Лошади, работающей по высшей школе верховой езды, очень полезно прыгать, так как прыжки усиливают мускулатуру ее бедер и ног.

Мастер спорта пятикратный чемпион Советского Союза Николай Ситько, мастер спорта неоднократный чемпион Советского Союза Антон Жагоров также прошли через троеборье, конкуры, вольтижировку, джигитовку.

Убедился, я и в том, как необходимо спортсмену-коннику ходить на лыжах, бегать на коньках, плавать, бегать, играть в волейбол, баскетбол.

Во время проведения сборов, как правило, между спортсменами устраиваются состязания по бегу на 100 и 1000 метров и другим видам легкой атлетики. Спортсмен-конник должен быть выносливым, а следовательно, хорошо физически закаленным.

Работать с лошадью может только тот человек, у которого трезвая голова и горячее сердце. Это значит, что он умеет держать себя в руках, не разрешает "предстартовой лихорадке" взять над собой верх и во время выступления становится спокойным.

Если же всадник начинает нервничать - провал ему обеспечен.

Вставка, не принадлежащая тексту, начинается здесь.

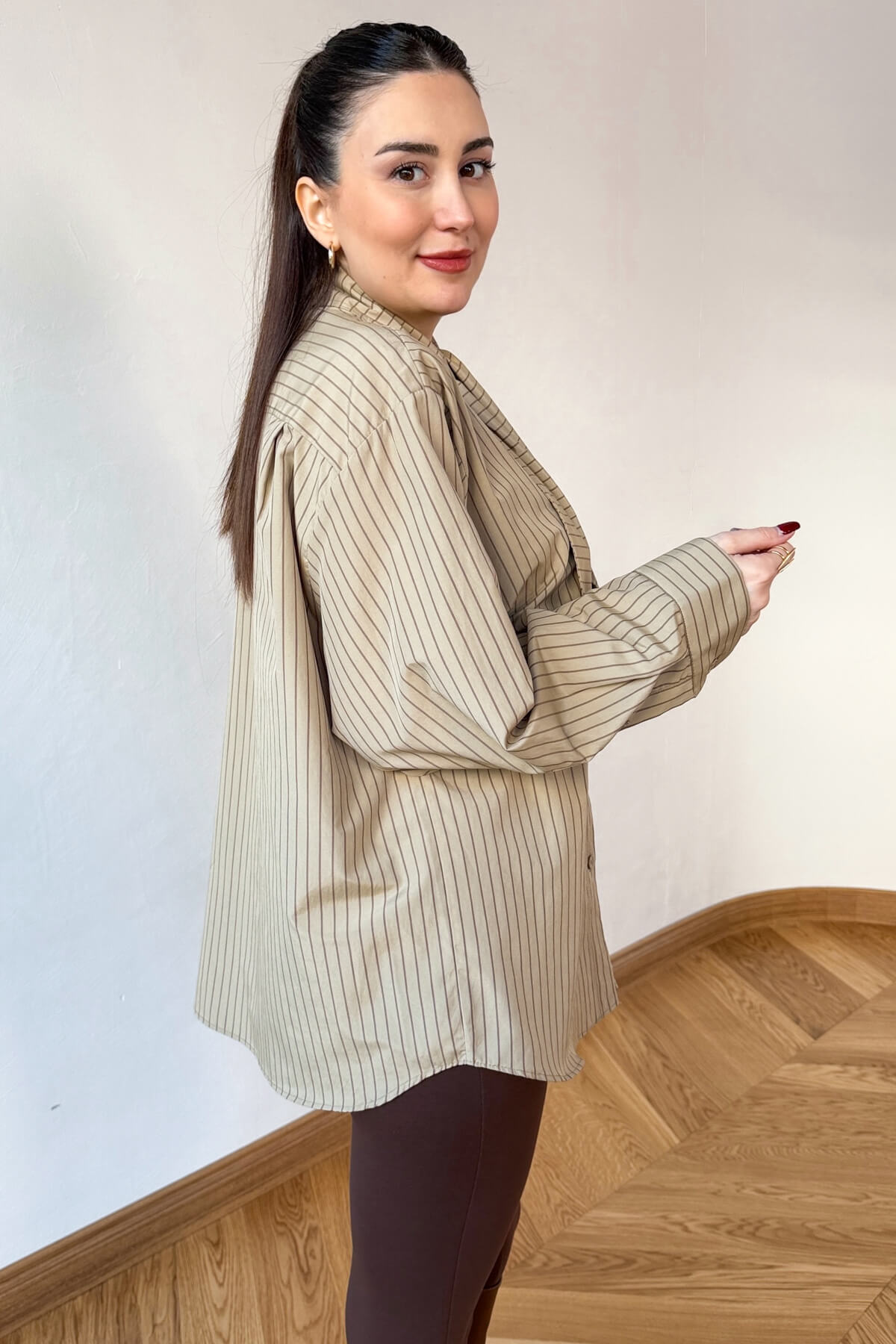 odern çizgilerin sofistike bir tasarımla buluştuğu bu özel gömlek, gardırobunuza zamansız bir dokunuş katıyor. İnce çizgi desenleri ve özgün fular yaka detayıyla hareket kazanan tasarım, 72 cm boyu ve konforlu oversize kesimi sayesinde hem şık hem de eforsuz bir duruş sergiliyor. Tok duruşlu kumaşı ve dikey hatları, silüetinizi daha uzun ve zarif gösterirken, stilinize dinamik bir hava katıyor.

Еще одно правило, которое я заучил с первых выступлений по выездке: вырабатывать в себе глубокую, непринужденную, красивую посадку надо сразу. Точка зрения некоторых спортсменов, что на тренировках можно сидеть на лошади как угодно, а на соревнованиях показать себя во всей красе, не только ошибочна, но и вредна.

Лошадь привыкает к посадке всадника, приспосабливается к центру тяжести его корпуса. Если на выступлении всадник переменит посадку-центр тяжести корпуса уйдет с привычного для лошади места, да и шенкеля не будут там, где лошадь привыкла их ощущать. Эти перемещения будут лошадь сбивать, она начнет нервничать и, конечно, плохо выступит.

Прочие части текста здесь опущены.